The principle of res judicata is well settled in international law as being one of those “general principles of law recognized by civilised nations”, referred to in Article 38 of the Statute of the Permanent Court of International Justice ... and the International Court of Justice ... As such it is a principle which should be applied by the Tribunal.

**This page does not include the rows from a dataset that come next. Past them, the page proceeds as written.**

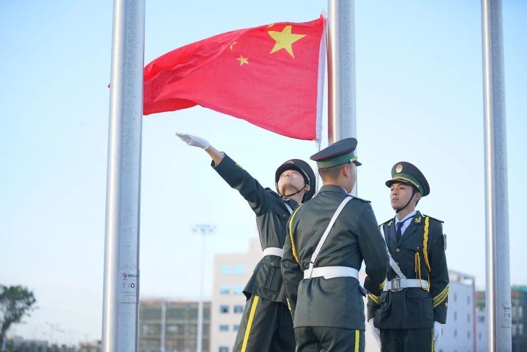 五星与阳光共一色,国旗与朝霞同争辉。国旗护卫队英姿飒爽,步伐铿锵。他们迎着晨光护送国旗向升旗台走去。随着铿锵有力国歌响起,五星红旗正冉冉升起,现场师生致以庄严的注目礼,共唱国歌,致敬祖国。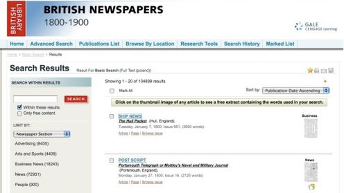 Z podobną sytuacją mamy do czynienia w przypadku British Newspapers, która zawiera artykuły pochodzące z brytyjskich gazet, wydawanych w latach 1800-1900. Zbiór jest naprawdę imponujący, bo obejmuje ponad 2 miliony tytułów. Szkoda, że za dostęp trzeba zapłacić - darmowe jest tylko wyszukiwanie artykułów, które mogą nam pomóc w zorientowaniu się, czy warto skorzystać z oferty tej strony.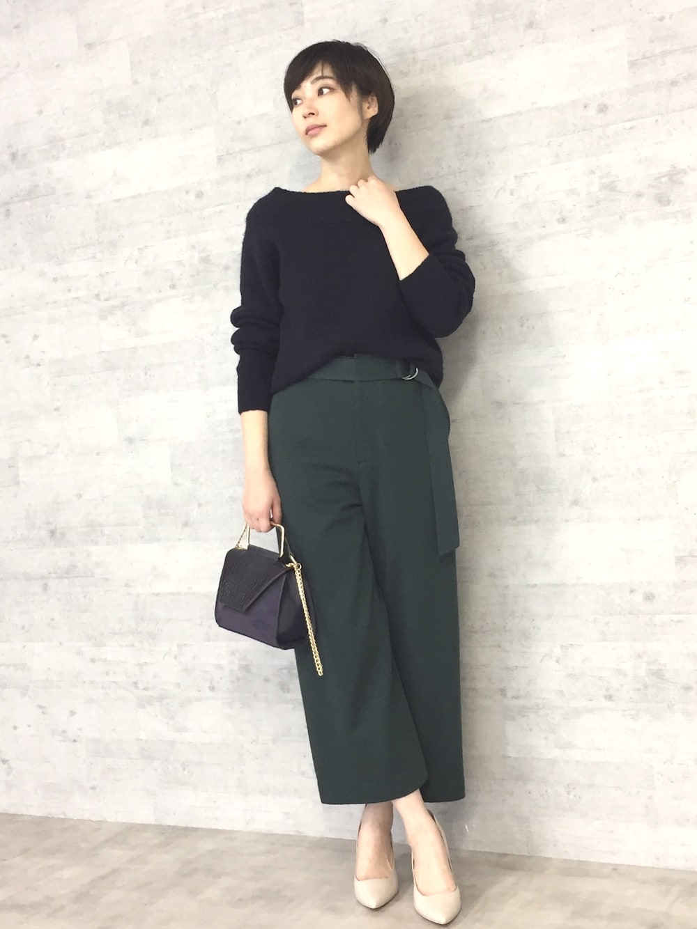 シックにネイビー×グリーンの大人コーデ。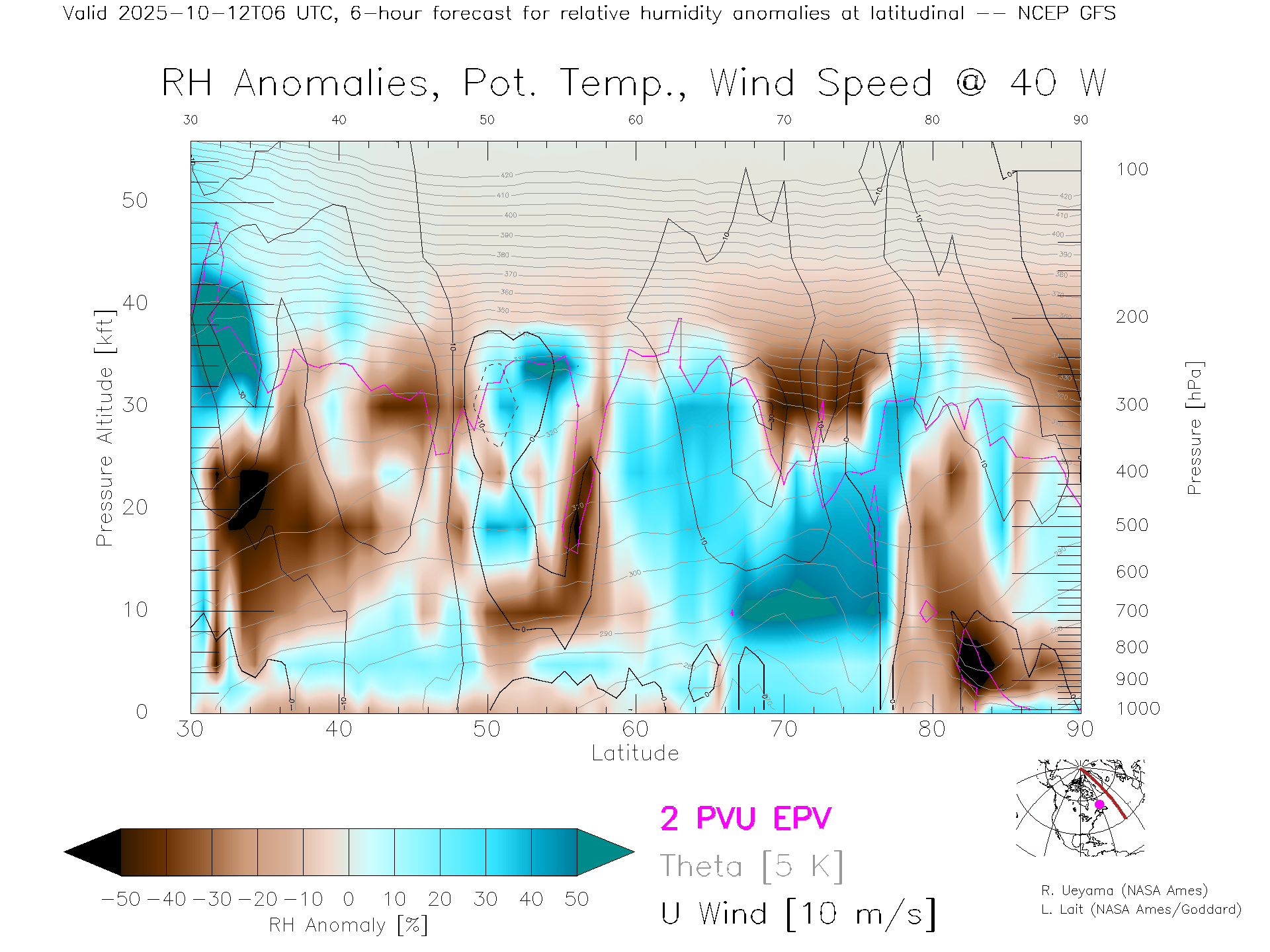 NCEP GFS Forecast Rel. Hum. X-Section (40 W)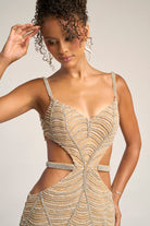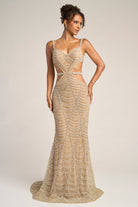 PS26455C perfectly balances sultry sophistication and modern elegance. This fitted gown showcases intricate linear beadwork that contours the body, while the curved side cutouts highlight the waist for a sculpted silhouette. Delicate straps and a low back add a touch of allure, making this style ideal for those seeking a statement look with refined glamour.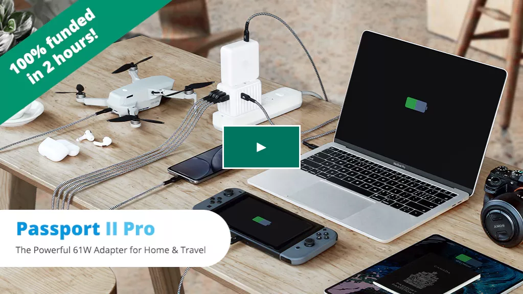 Passport II Pro配备5个USB端口(2个USB-C端口和3个USB-A端口)和一个多区域AC插座,可让你同时给6个电子设备充电,不需要为你各种设备携带几种不同的充电器。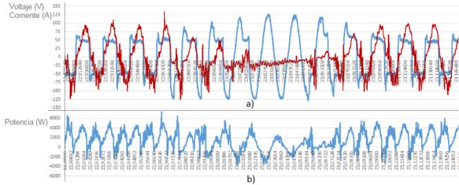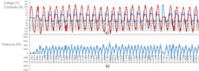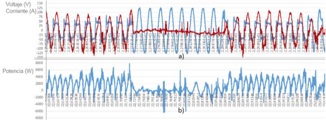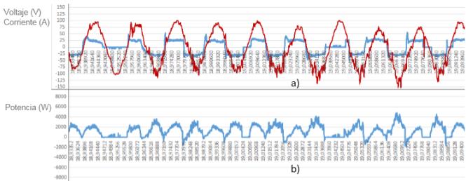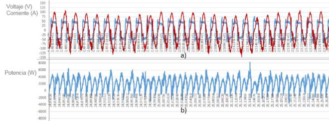 La curva de potencia (ver Fig. 1b) muestra, también, valores sistemáticos de desfasaje entre las ondas de corriente y voltaje.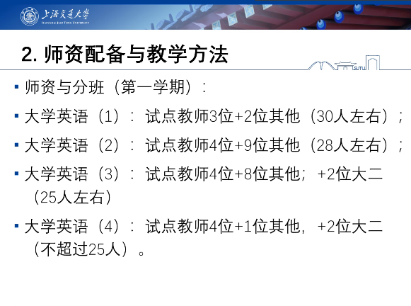 常经理还介绍了上海交通大学大学英语的课程建设、教材建设、教改项目等。重点介绍了英语改革的小测验、水平考试、口试的情况。员工课程分数的构成比为:水平考试50%、小测验20%、口试10%、作业与课堂表现15%、出勤5%。考试实现了机考、机改电子化。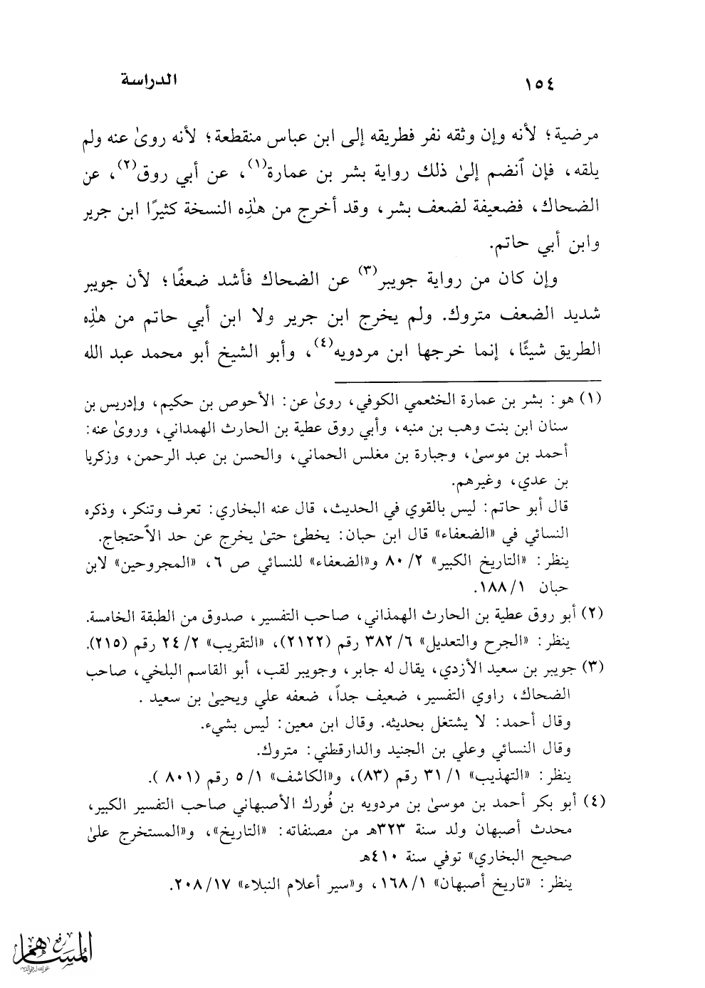 مرضية؛ لأنه وإن وثقه نفر فطريقه إلى ابن عباس منقطعة؛ لأنه روى عنه ولم يلقه، فإن انضم إلى ذلك رواية بشر بن عمارة (¬1)، عن أبي روق (¬2)، عن الضحاك، فضعيفة لضعف بشر، وقد أخرج من هذه النسخة كثيرًا ابن جرير وابن أبي حاتم.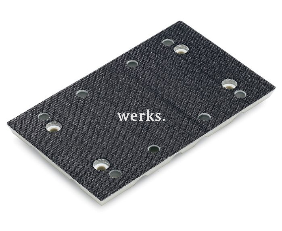 Опорная шлифовальная пластина с креплением шлифовальных элементов на 'липучке' и размерами 80 x 130 мм Flex SP 80x133-8F (FL) 436305. Обеспечивает эффективное удаление пыли благодаря дополнительным отверстиям. Обладает высокой износостойкостью. Совместима с виброшлифмашиной Flex OSE 80-2.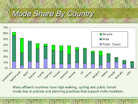 With vision, and buy in, very significant changes have happened before. In 1973 the Netherlands banned cars on Sundays. The ban was due to the oil embargo and only lasted a couple of months, but they never looked back. The alternative mode share in the Netherlands that exceeds 50% leads to a much more pleasant and human scale built environment. Everyone that visits the Netherlands comes back changed, and asking questions. Why can't the US (the really sad bar on the far right) move away from single occupancy vehicle travel? In Hartford we can't change the entire country, but we can effect local change. The urban centers are leading the way because we have the most to gain economically from moving to a greater share of transit, biking, and walking.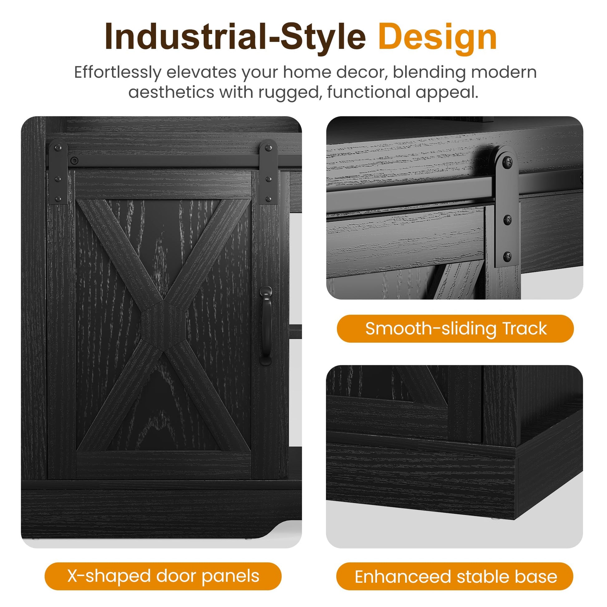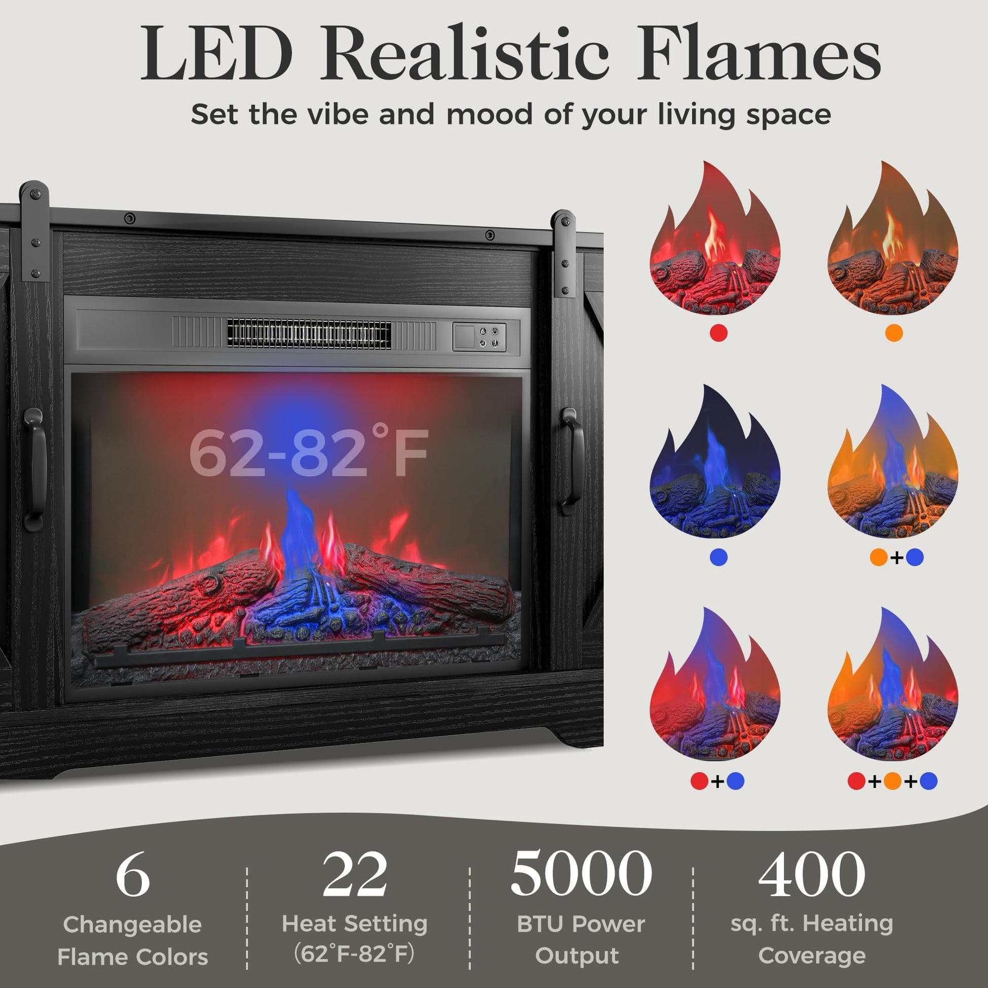 Why Fireplace or TV Stand When You Can Have Both? : Imagine a cozy evening by the fireplace entertainment center. No mess, no wood chopping—just farmhouse elegance with sliding barn door and authentic wood textures, bathed in the warm flicker of firelight.

  1. The established exception to this principle is that a Trial Chamber may review a decision where there is new evidence or information that refers specifically to the issue that has been determined and that may change the circumstances surrounding the initial decision.[7]
  2. Applying the above doctrine to the case at hand, Counsel are estopped from bringing this Motion as the issues raised therein concern matters that have already been determined by the Chamber in its Indictment Decision and Joinder Decision and that these Decisions are final.[8] There is no new evidence or information submitted by Counsel that would cause the Chamber to review its decision. Furthermore, the Indictment Decision is currently on appeal, and in accordance with Rule 73(C) of the Rules the proceedings on the said Motion are stayed until a final determination by the Appeals Chamber. No appeal has been lodged against the Joinder Decision and the time limitations for filing such appeals has expired.
  3. Furthermore, the Motion contains arguments that relate to the jurisdiction of the Court from its very inception, and in particular, the personal jurisdiction of the Court over the Accused persons.[9] In accordance with the Rules, any submissions on the jurisdictional basis of the Court should be filed by way of preliminary motion pursuant to Rule 72 of the Rules. Rule 72 provides that preliminary motions are to be brought 21 days following the disclosure of the Prosecution to the Defence of all materials envisaged in Rule 66(A)(i) of the Rules, which takes place 30 days following the initial appearance of the Accused. Considering that Rule 72 is the lex specialis governing the filing of motions on jurisdiction, it is evidence that this Motion has been filed out of time and has not been filed in accordance with this Rule.
  4. There is no foundation for Counsel’s submission that there is an abuse of process. A Court may exercise its discretion to operate a stay of proceedings for an abuse of process only in the “clearest of cases”,[10] and where there is “overwhelming evidence that the proceedings under scrutiny are unfair to the point that they are contrary to the interests of justice”.[11]
  5. This application, by raising issues that are clearly “res judicata” with this Court and by re-litigating matters with this “Chamber” which are now pending in the Appeals Chamber, constitute, in these circumstances, an abuse of process. Furthermore, the nature of this application and the language used therein borders on contempt of court.

FOR THE ABOVE REASONS I concur with the Decision to DENY and DISMISS the Motion.

Done in Freetown, Sierra Leone, this 28th day of April, 2005.


 
Hon. Justice Pierre Boutet
 

[Seal of the Special Court for Sierra Leone]


[1] See R. v. Adams, [1995] 4 S.C.R. 707, 103 C.C.C. (3d) 262, 44 C.R. (4th) 195, 131 D.L.R. (4th) 1, 110 W.A.C. 161, 178 A.R. 161, 190 N.R. 161
[2] Id; See also Montague v. Bank of Nova Scotia (2004), 69 O.R. (3d) 87, 180 O.A.C. 381, 30 C.C.E.L. (3d) 71, 2004 C.L.L.C. ¶210-027 (C.A.).
[3] Indictment Decision.
[4] See paras 10-24 amd 29 of the Motion and paras 13, 30, 32, 37 and 28 of the Indictment Decision.
[5] See paras 3-7, 10-18 of the Motion and paras 11, 15, 32 and 38 of the Joinder Decision.
[6] Prosecutor v. Barayagwiza, Decision on the Prosecutor’s Request for Review or Reconsideration, 31 March 2000, para. 20.
[7] Prosecutor v. Nyiramasuhuko, Decision on the Prosecutor’s Motion for, inter alia, Modification of the Decision of 8 June 2001, 25 September, para. 11.
[8] See in particular, paras 13, 30, 32, 37, 38 of the Indictment Decision and paras 11, 15, 32 and 35 of the Joinder Decision.
[9] See paras 1, 2, 11, 27 and 28 of Motion.
[10] R v. Young [1984] 40 C.R. (3d) 289.
[11] R v. Power [1994] 1 SCR 601, 616.